:: Your objective ::
Your response should be an exact reproduction of the data below, beginning at the line containing "The Clemson Medallion" and ending with the final line.

:: Records supplied ::
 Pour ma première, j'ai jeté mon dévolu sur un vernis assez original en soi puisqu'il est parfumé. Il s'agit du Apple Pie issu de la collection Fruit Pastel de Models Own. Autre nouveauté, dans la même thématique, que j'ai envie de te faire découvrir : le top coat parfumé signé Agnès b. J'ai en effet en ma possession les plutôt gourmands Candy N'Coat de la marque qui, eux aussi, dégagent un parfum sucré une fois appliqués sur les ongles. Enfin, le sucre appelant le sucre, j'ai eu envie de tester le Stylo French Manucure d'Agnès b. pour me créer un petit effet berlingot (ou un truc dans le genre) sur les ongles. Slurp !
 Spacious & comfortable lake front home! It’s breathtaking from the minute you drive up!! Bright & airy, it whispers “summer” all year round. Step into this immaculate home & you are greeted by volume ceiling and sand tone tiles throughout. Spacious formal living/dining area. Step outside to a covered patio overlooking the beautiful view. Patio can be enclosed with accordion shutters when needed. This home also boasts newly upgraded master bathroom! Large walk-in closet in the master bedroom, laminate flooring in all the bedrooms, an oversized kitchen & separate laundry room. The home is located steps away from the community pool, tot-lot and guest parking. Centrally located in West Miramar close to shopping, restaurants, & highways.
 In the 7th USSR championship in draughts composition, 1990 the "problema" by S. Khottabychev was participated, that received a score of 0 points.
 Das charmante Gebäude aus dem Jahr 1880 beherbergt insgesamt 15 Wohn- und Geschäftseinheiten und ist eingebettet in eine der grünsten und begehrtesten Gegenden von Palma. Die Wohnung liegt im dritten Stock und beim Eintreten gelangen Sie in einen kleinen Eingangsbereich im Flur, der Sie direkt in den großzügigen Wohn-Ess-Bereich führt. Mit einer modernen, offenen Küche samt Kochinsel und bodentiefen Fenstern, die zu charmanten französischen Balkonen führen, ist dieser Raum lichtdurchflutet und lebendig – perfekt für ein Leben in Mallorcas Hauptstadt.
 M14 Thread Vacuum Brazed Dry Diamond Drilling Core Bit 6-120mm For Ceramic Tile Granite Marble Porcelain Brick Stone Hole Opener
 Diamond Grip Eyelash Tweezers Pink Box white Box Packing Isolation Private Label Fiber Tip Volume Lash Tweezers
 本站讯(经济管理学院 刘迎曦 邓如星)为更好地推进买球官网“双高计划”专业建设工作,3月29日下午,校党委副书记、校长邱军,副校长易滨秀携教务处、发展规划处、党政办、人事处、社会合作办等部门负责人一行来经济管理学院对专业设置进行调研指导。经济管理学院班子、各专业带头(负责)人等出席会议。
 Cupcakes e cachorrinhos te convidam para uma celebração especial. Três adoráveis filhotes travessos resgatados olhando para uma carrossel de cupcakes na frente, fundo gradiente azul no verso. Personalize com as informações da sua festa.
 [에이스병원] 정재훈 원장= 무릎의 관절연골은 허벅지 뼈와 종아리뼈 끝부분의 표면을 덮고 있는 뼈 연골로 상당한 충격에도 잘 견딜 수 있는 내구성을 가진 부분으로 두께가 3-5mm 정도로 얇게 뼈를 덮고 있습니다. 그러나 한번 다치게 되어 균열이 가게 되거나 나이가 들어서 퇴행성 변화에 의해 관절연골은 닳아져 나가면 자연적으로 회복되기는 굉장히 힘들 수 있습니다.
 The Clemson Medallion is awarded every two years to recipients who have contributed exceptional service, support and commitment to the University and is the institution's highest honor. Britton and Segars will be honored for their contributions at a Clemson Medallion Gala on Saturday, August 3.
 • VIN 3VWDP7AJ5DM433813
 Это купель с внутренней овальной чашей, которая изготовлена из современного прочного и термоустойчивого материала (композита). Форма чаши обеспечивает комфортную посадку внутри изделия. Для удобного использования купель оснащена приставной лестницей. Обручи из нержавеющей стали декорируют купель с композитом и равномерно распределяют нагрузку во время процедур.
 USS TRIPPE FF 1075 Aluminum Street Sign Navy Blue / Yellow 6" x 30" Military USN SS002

:: Output below ::
 The Clemson Medallion is awarded every two years to recipients who have contributed exceptional service, support and commitment to the University and is the institution's highest honor. Britton and Segars will be honored for their contributions at a Clemson Medallion Gala on Saturday, August 3.
 • VIN 3VWDP7AJ5DM433813
 Это купель с внутренней овальной чашей, которая изготовлена из современного прочного и термоустойчивого материала (композита). Форма чаши обеспечивает комфортную посадку внутри изделия. Для удобного использования купель оснащена приставной лестницей. Обручи из нержавеющей стали декорируют купель с композитом и равномерно распределяют нагрузку во время процедур.
 USS TRIPPE FF 1075 Aluminum Street Sign Navy Blue / Yellow 6" x 30" Military USN SS002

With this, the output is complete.